That's due to the settled funds rule, it's an SEC rule, you should have looked it up...
Hmmm ... I thought you could buy with unsettled funds, you just can't then sell before they settle - at least I can on e*trade and just did.
 
So let me ask this question. If, and it's not a little if, the market crashes due to something created by the current administration or a war or something, are we better off having our money invested with a private company or staying public? Or would it make any difference if nobody could afford to buy what Tesla is selling?

Talk amongst yourselves and don't be verklempt...
 
inexperienced hobby trader writing here.

85%+ of float is held by institutions

How are they going to vote for the going-private? Since consensus here seems to be that most of them cannot hold private equity.

Will them selling off their shares soften out the price rise when shares start to cover?

In my view most of them will vote yes and will likely to buy more shares. Elon already confirmed shareholders support this deal. It would be crazy if someone doesn't like it. If someone thinks it worth more, he can simply buy more shares and stay with the private company.

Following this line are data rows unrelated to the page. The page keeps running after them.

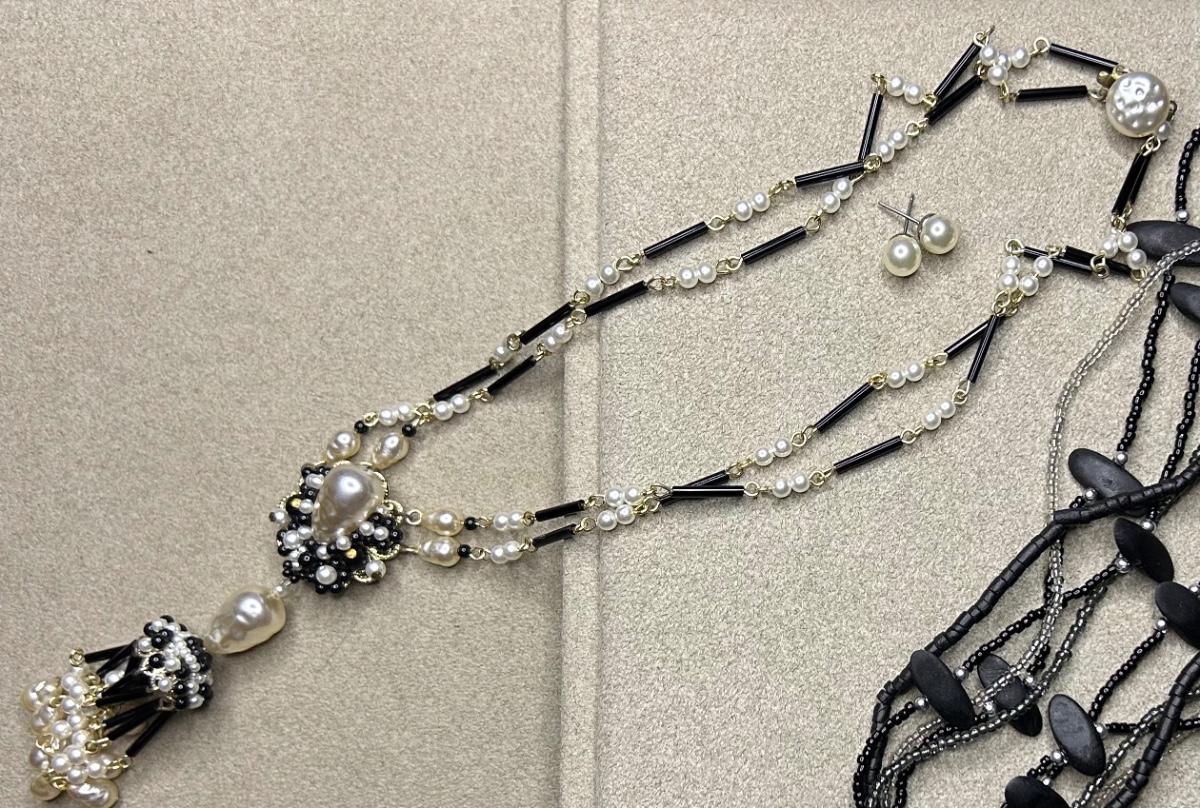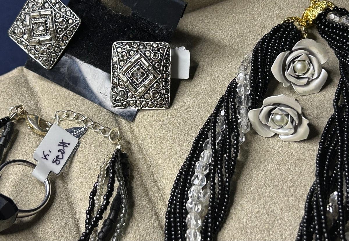 5 sets of earrings & necklaces & 1 adorable Kendra Scott rings 2 pair are clip ons & other 3 are pierced. The necklace w/ the rose earrings is Sarah Coventry, the black shell necklace is Coldwater Creek.
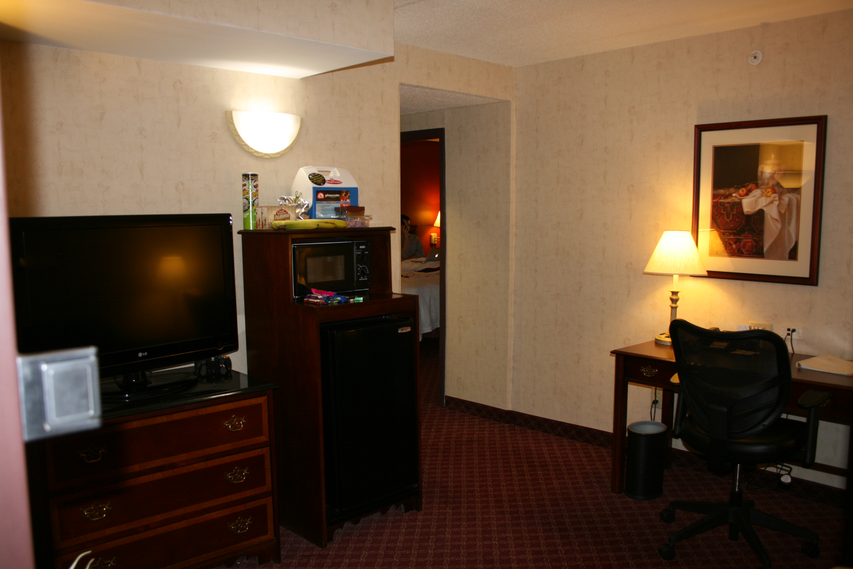 There is one other hotel in East Aurora, the Hampton Inn, and we got upgraded.  (I assume because there is NO ONE here.  I mean, come on, it’s East Aurora.  Unless it’s Roycroft Festival weekend or Moog has a giant conference, who comes here?)
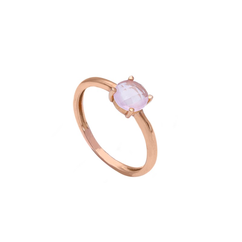 Anello in oro rosa 18kt con cristallo sfaccettato rosa tondo.
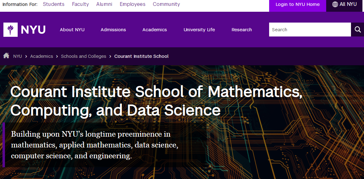 - 计算机科学系:突破性整合文理学院(CAS)和坦顿工程学院(Tandon)、数据科学中心以及纽约大学数学系的部分课程
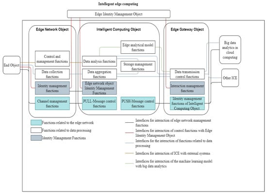 IEC is also considered to be mobile communication infrastructure that provides smooth and efficient communication between different mobile devices. Moreover, IEC is a design that aims to reduce bandwidth and delay by moving the required resources closer to the systems that demand them. The background to this claim is based on the promising expectation of lower capital expenditures and the potential to introduce new services, which could potentially be offered separately and could also be launched at a reduced cost. Among these new services is the potential to provide ultra-reliable and extremely low latency (URLLC) connections [6,8]. For instance, less than 5 ms or less than 10 ms, for autonomous Vehicle-to-Everything (V2X), Augmented Reality (AR ) and Virtual reality (VR) applications. Subsequently, the architecture of IEC orchestration is shown in Figure 2, in which it consists of several functional blocks deployed in each IEC object. Besides, the functions of this architecture can be divided into three parts, namely border network functions, identification functions and data processing functions.

If someone thinks it's worth less, he can simply sell his shares.
 
So that's my question: with a short position shorts are owing a near unlimited amount of money. Say if I short 1,000 shares of TSLA at $300 the broker asks me to post collateral of $300,000.

Price spikes up to $1,000 overnight due to shorts trying to cover. Opens at $2,000. Now I owe 1,000 shares of TSLA worth $2,000,000 - I'll rather take the bath and default on the $300,000 worth of collateral.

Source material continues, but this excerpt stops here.